Mr. MacFarlane is a regular contributor to the Criminal Law Quarterly, and has authored a number of articles on criminal law topics which have been published by the University of British Columbia, The University of Toronto, and the Canadian Bar Association. His writings have been cited and relied upon by Canadian appellate courts and, in one instance, by the High Court of Australia.

==Select publications==
- Bruce A. MacFarlane. "Historical Development of the Offence of Rape" in Woods & Peck eds., 100 Years of the Criminal Code in Canada: Essays Commemorating the Centenary of the Criminal Code of Canada (Ottawa: Canadian Bar Association, 1993).
- Bruce A. MacFarlane, Robert J. Frater & Chantal Proulx. Drug Offences in Canada, 3d ed. (Aurora, ON: Canada Law Book, 1996).
- Bruce A. MacFarlane. "People Who Stalk People" (1997) 31 UBC L. Rev. 37.
- Bruce A. MacFarlane. "Sunlight and Disinfectants: Prosecutorial Accountability and Independence through Public Transparency" (2000) 45 Crim. L. Quarterly. 272.
- Bruce A. MacFarlane & Janet Reno. "Interview: Janet Reno on Wrongful Convictions" (2005-2006) 31 Man. L.J. 565.
- Bruce A. MacFarlane. "Convicting the Innocent: A Triple Failure of the Justice System" (2006) 31 Man.

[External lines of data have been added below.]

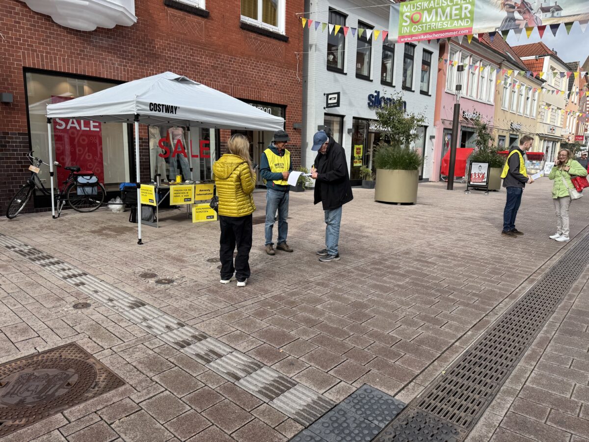 Am 21. Juni fand bundesweit der „Tag der offenen Gesellschaft“ statt. Auch in Aurich haben verschiedene Initiativen zum Gespräch in die Fußgängerzone in der Innenstadt eingeladen. Wir haben angeboten, mit allen Interessierten über Demokratie und Menschenrechte sowie – im Schatten des Weltflüchtlingstags der Vereinten Nationen am 20. Juni – über das Grundrecht auf Asyl und den Umgang mit Flüchtlingen hierzulande zu reden und zu diskutieren. Zudem haben wir die Möglichkeit angeboten, sich via Instagram mit verschiedenen Forderungen an die neue Bundesregierung zu wenden.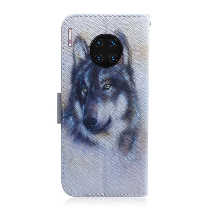 Θήκη Huawei Mate 30 Pro με πολύχρωμο σχέδιο, οριζόντια αναδίπλωση από δερματίνη PU με βάση στήριξης & θήκες για κάρτες & πορτοφόλι (Λευκός Λύκος)
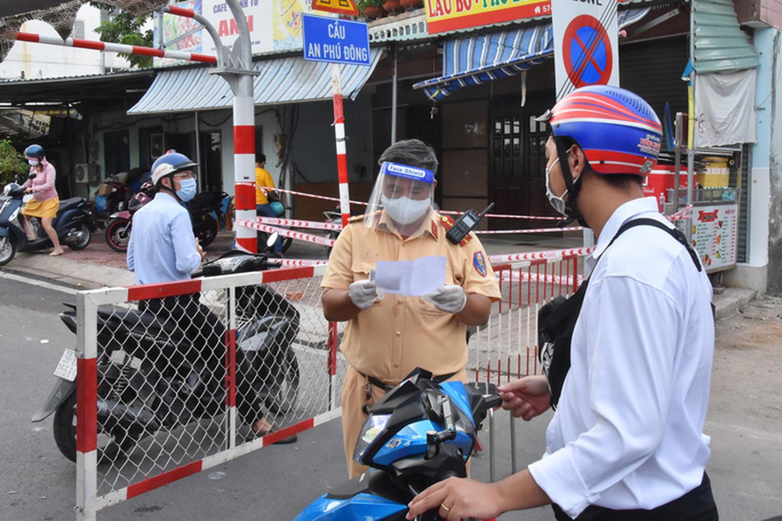 Cảnh sát giao thông kiểm tra giấy tờ người dân khi đi qua chốt cầu An Phú Đông, Gò Vấp. Ảnh: NL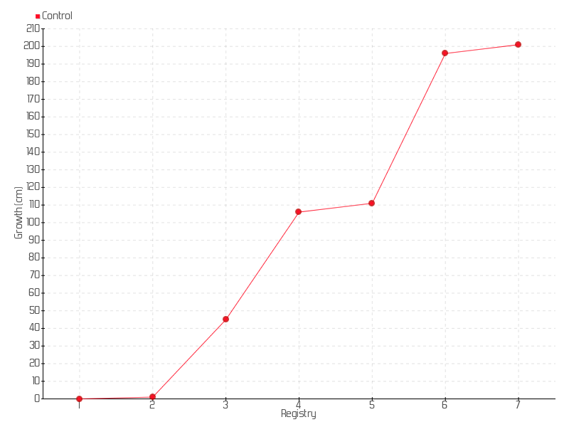 6 | 15/09/2016 | 205.00 cm | 85.00 cm | 3.5417 cm/day | 196.00 cm |
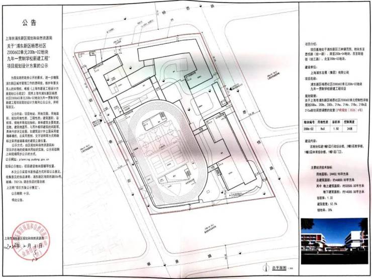近日,浦东新区杨思社区Z000602单元20Db-02地块九年一贯制学校新建工程项目规划设计方案正式在官网公示。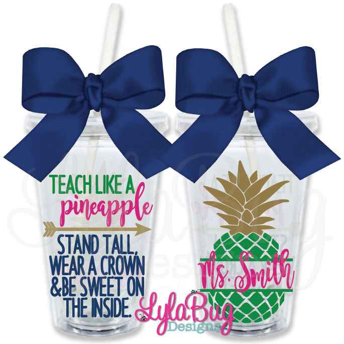 Arrow/crown: KellyTeach/pineapple: golden yellowPineapple/name: navyWriting: hot pinkRibbon color: preppy stripe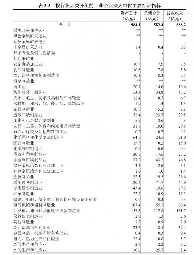 表3-3 按行业大类分组的工业企业法人单位主要经济指标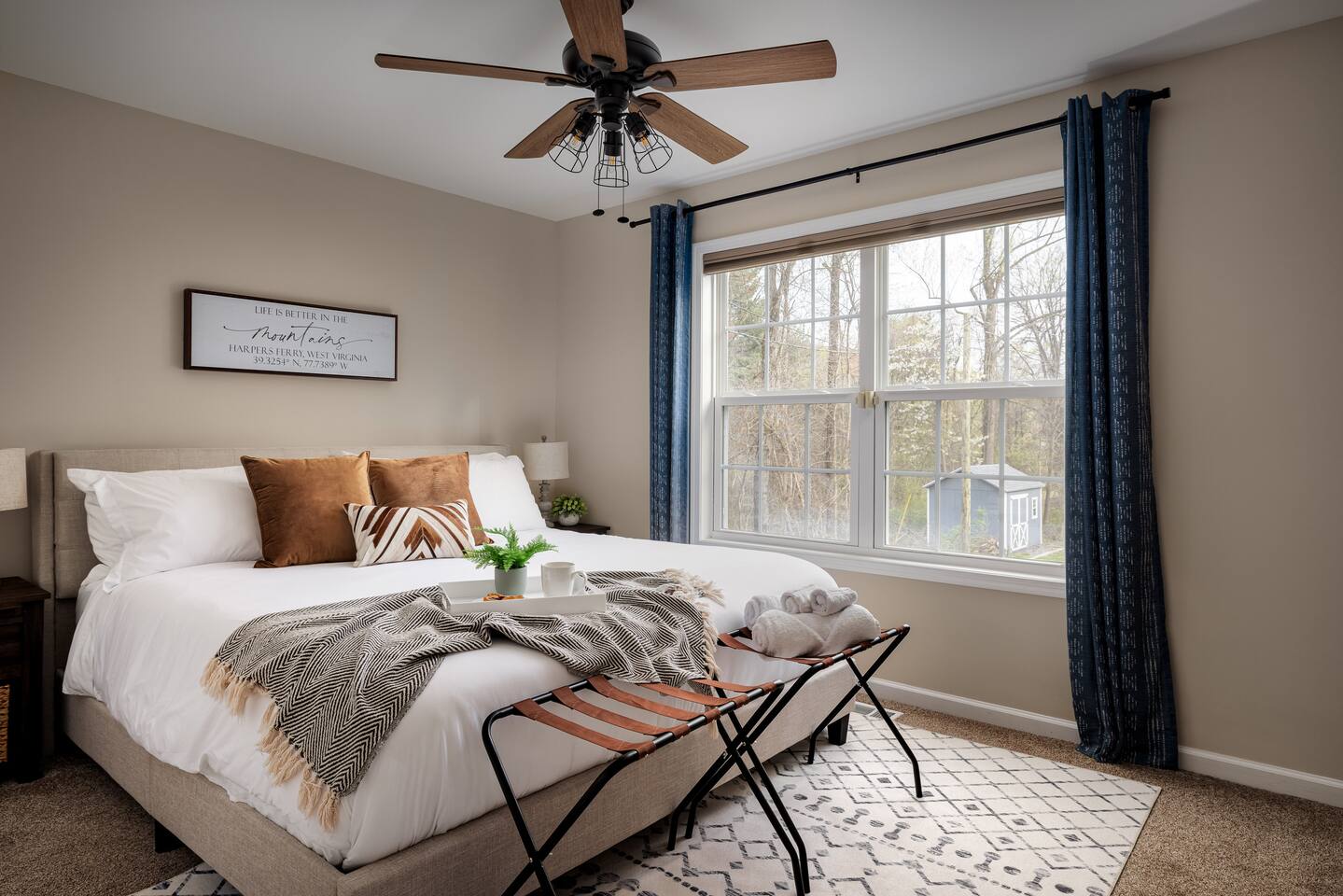 This split-level gem is filled with charm and warmth, blending rustic farmhouse touches with comfortable style to make you feel right at home. Whether you're sipping coffee on the porch, curling up with a good book, or simply taking in the view—this place is all yours to enjoy. We hope you settle in, breathe deep, and let the peaceful mountain vibes wrap around you like a favorite blanket. Welcome to your getaway. We’re thrilled to have you. You’re in for something truly special. From the front door, you’re less than 5 miles from the stunning trails and scenic views of the National Park, with the Shenandoah and Potomac Rivers just waiting to be explored. In just 6 minutes, you can be sipping wine at a charming vineyard, hiking along breathtaking ridgelines, or enjoying a delicious meal in the heart of historic Lower Town Harpers Ferry. And don’t forget—quaint, history-rich Charles Town is just around the corner, perfect for a leisurely stroll, a cozy café stop, or a little antiquing adventure. Whether you're here for the history, the hikes, the wine—or just the peace and quiet—this place is meant to be your perfect little escape. Welcome to the best of the Blue Ridge Mountains! Full video tour of entire house is available “Mountain View Cottage WV Full Tour”. KEY FEATURES: ⭐️Bonus Space in the Basement ⭐️Allergen free ⭐️Free Parking ⭐️ VERY EARLY Check In/Late Check Out ⭐️Near National Park + Major Sight Seeing ⭐️Amazing outdoor firepit oasis ⭐️Recently built with 2 living room areas ⭐️Bedrooms: 1 King, 1 Queen, 2 Twins ⭐️Pull Out Sofa in Lower Level ⭐️2 Bathrooms ⭐️Full kitchen w/ stainless steel appliances ⭐️Custom fireplace built by owner ⭐️Beautiful deck; picnic seating area & grill ⭐️Very fast WIFI + Flat screen TV ⭐️Kids toys + games + projector night light ⭐️Baby crib + baby gear (by request) ⭐️Washer + Dryer ⭐️ Sleeps 6 and up to 8 for a fee Our open-concept living space was designed for comfort and connection—with plenty of room to relax and gather. Just up one short flight of seven steps from the front door, you'll find the heart of the home: all three cozy bedrooms, two full bathrooms, a bright and welcoming kitchen, dining area, and a living room that invites you to kick back and unwind. Follow us @Mountainviewcottagewv

L.J. 403.
- Bruce A. MacFarlane. "Structural Aspects of Terrorist Mega-Trials: A Comparative Analysis" (2007) Prepared for the Commission of Inquiry into the Investigation of the Bombing of Air India Flight 182, The Honourable John C. Major, Commissioner.
- Bruce A. MacFarlane. "Wrongful Convictions: The Effect of Tunnel Vision and Predisposing Circumstances in the Criminal Justice System" (2008) Prepared for the Inquiry into Pediatric Forensic Pathology in Ontario, The Honourable Stephen T. Goudge, Commissioner.